SIR DAVID MAXWELL-FYFE: Then let us take Number 3, take the Social Democratic Party, that was a party which had taken a great share in the Government of Germany and of Prussia for the years since the war. Did you think it right, morally right, to make that party illegal and unable to take any further share in the carrying on of the country?
VON NEURATH: No, certainly not. But I do not at all know...
SIR DAVID MAXWELL-FYFE: Let us get it clear. Did you think it right or not?
VON NEURATH: I just told you “No” but I do not at all know whether you...

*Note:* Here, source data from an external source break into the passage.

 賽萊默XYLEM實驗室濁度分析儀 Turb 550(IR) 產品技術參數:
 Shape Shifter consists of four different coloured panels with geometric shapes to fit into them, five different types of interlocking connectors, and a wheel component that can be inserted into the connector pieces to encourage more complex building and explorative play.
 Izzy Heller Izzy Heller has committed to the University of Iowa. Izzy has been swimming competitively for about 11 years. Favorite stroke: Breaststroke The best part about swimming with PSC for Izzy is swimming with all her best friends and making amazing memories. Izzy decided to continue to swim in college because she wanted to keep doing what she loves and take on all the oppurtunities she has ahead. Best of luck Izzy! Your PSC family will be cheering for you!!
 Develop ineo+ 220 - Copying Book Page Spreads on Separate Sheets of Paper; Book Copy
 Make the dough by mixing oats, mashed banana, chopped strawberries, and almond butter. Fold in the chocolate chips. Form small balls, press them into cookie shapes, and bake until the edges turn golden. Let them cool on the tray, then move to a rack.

SIR DAVID MAXWELL-FYFE: What did you do to protest against that? What did you do to protest against the dissolution of the Social Democratic Party?
VON NEURATH: The most I could do against this dissolution was to state my objections.

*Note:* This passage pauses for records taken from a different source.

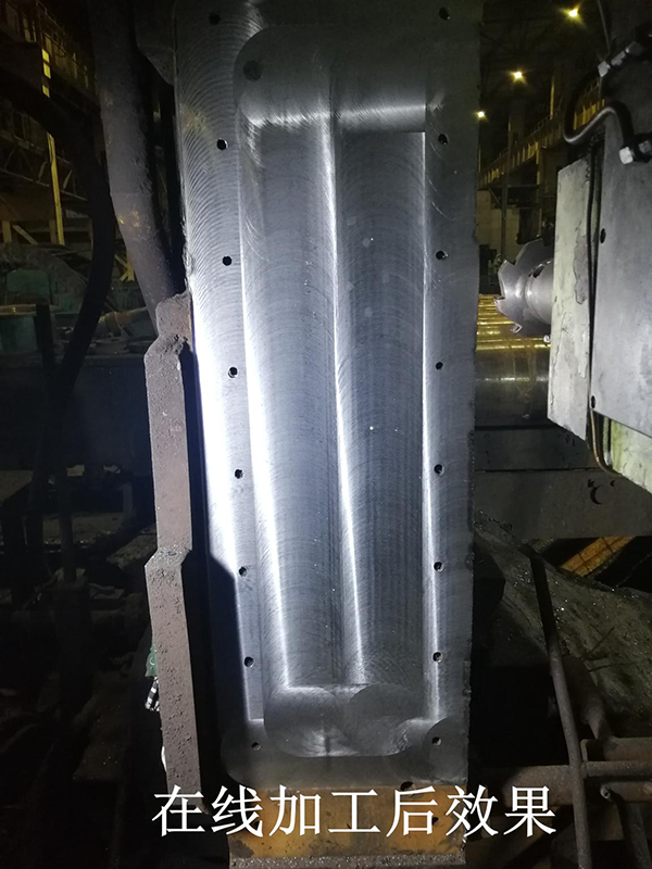2020年5月20日,我公司組織20余人的施工隊伍進入現(xiàn)場,對粗軋機所有窗口襯板面進行在線加工,激光修復,單塊損傷量大約在2-3mm,最深腐蝕加工量達到8mm,經過180多小時不間斷連續(xù)施工,提前36小時順利完成維修任務,恢復牌坊使用精度要求,一次交檢合格,獲得了廠家認可和贊揚。
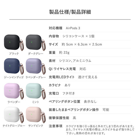 AirPods 3 3世代 ケース カラビナ 付 耐衝撃 シリコン カバー 薄型 シリコンケース AirPods 3ケース AirPods3 エアポッズ 第3世代 対応 elago ORIGINAL HANG
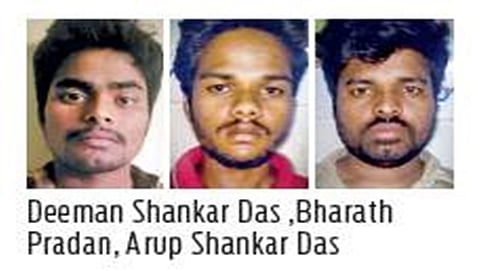 ದೀಮನ್ ಶಂಕರ್ ದಾಸ್ (26) ಆತನ ಸಹೋದರ ಅರುಪ್ ಶಂಕರ್ ದಾಸ್ (36) ಮತ್ತು ಅವರ ಗೆಳೆಯ ಭರತ್ ಪ್ರಧಾನ್ (22) ಬಂಧಿತ ಆರೋಪಿಗಳು. ಆಸ್ಸಾಂ, ಹಾಗೂ ಒಡಿಶಾ ಮೂಲದವರಾದ ಇವರು ಕಳೆದ 8 ತಿಂಗಳ ಹಿಂದೆ ಕೂಲಿ ಕೆಲಸಕ್ಕಾಗಿ ನಗರಕ್ಕೆ ಬಂದಿದ್ದರು. ನಂತರ ಅಪರಾಧ ಕೆಲಸಕ್ಕೆ ಇಳಿದಿದ್ದರು.

SIR DAVID MAXWELL-FYFE: To whom did you state your objection against the dissolution of the Social Democratic Party?
VON NEURATH: To Hitler, again and again.
SIR DAVID MAXWELL-FYFE: Again and again you didn’t raise the dissolution of the parties, the opposition parties? You never raised that in the Cabinet; that is right, isn’t it?
VON NEURATH: I cannot remember whether this question was discussed in the Cabinet; I do not know any more.